Lead looked up to see the old man holding a four barrel pistol looped with a rawhide cord, a Van Cleef.
“Thought you might come here, you look worse for the travel,” the Old Preacher said.
Lead looked down at his chest. He’d lost his shirt and sombrero and his bare torso was painted with a concoction of blood and filth; a testament to the evening’s violence. His pants were torn and ragged. A wood-handled kitchen knife stood with its blade buried deep into his left shoulder. He clutched his pistol, at some point the rawhide loop had broken. It dangled from the butt of his gun. Lead raised his hands and gun into the air.
“I have no qualm with you, mark. Leave me be and continue your retreat,” he said.
Terence kept his pistol pressed against Lead’s head.
“I got the drop on you. Your life is but a decision between me and this pepper box.” Terence looked up to the men in the bread line. “You gentlemen mind to your business,” he hollered at them. The morning parishioners made no move to aid.
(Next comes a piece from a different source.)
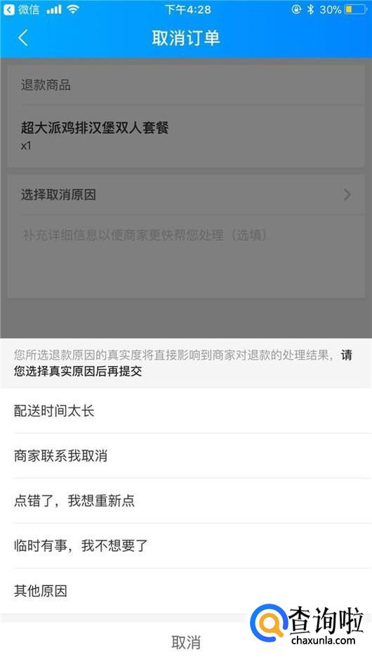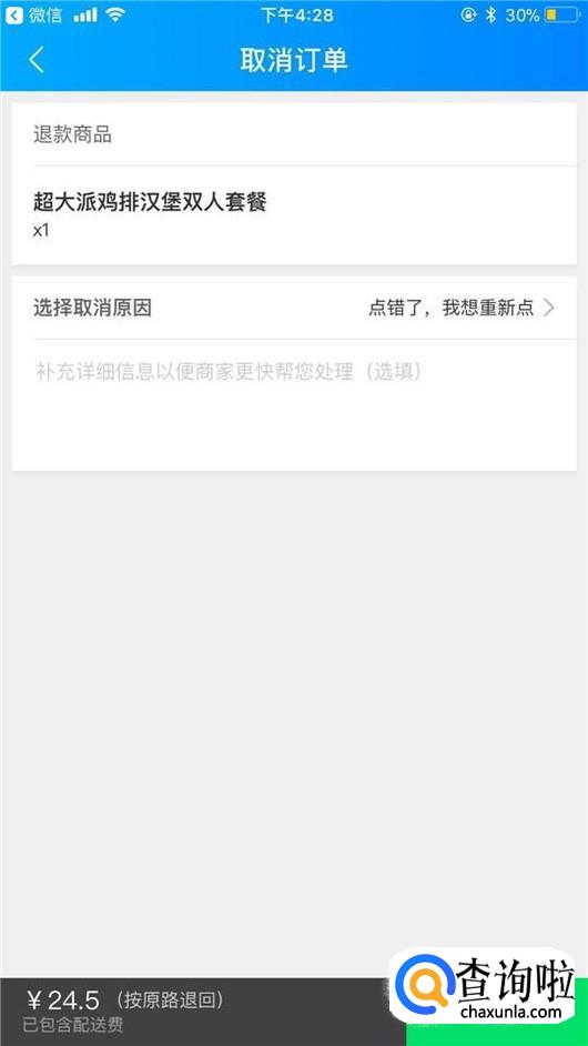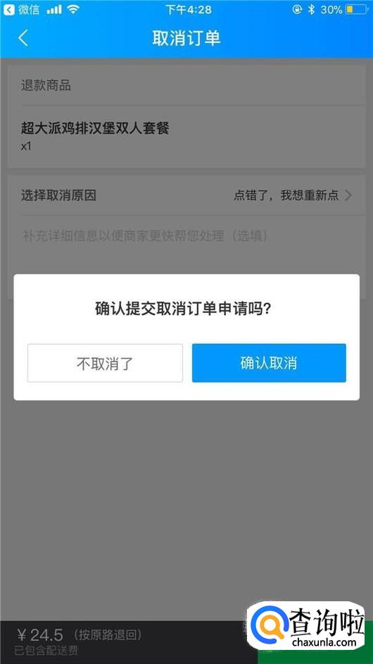 当我们在饿了么下单并发现下错单的时候,可以点击取消订单,如下图所示。

“I’ve taken life, young man. I know the feeling and price.” The Old Preacher released the pistol’s hammer and slipped it back into his shirt.
“You won’t die by my hands. Not today.”
Lead looked up at the Old Preacher’s face, a leather visage of dirty creases and grey beard and yellow-blue eyes that spoke of humanity.
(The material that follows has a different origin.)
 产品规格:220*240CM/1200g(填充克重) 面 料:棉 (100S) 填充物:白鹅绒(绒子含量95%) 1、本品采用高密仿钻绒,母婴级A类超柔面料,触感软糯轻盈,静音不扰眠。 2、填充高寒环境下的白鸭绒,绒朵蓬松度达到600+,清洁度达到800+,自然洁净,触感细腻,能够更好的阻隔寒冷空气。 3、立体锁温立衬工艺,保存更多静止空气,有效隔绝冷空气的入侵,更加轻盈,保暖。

“Why was I sent to apprehend you?”
The Old Preacher’s eyes moistened. He rubbed them in irritation and looked back to the rising sun.
“I was what you are; I preached the word of the Church. They sent you to me because of killing.”
“What killing?”
The Old Preacher looked into Lead’s eyes. “Killing doesn’t make me happy. Killing doesn’t make me good. I can’t kill anymore. That’s why you were sent to apprehend. I’m a rusty tool of new use or value. I need to be disposed of.”
Lead tried to regain his feet but instead lost consciousness in the Arizona sun.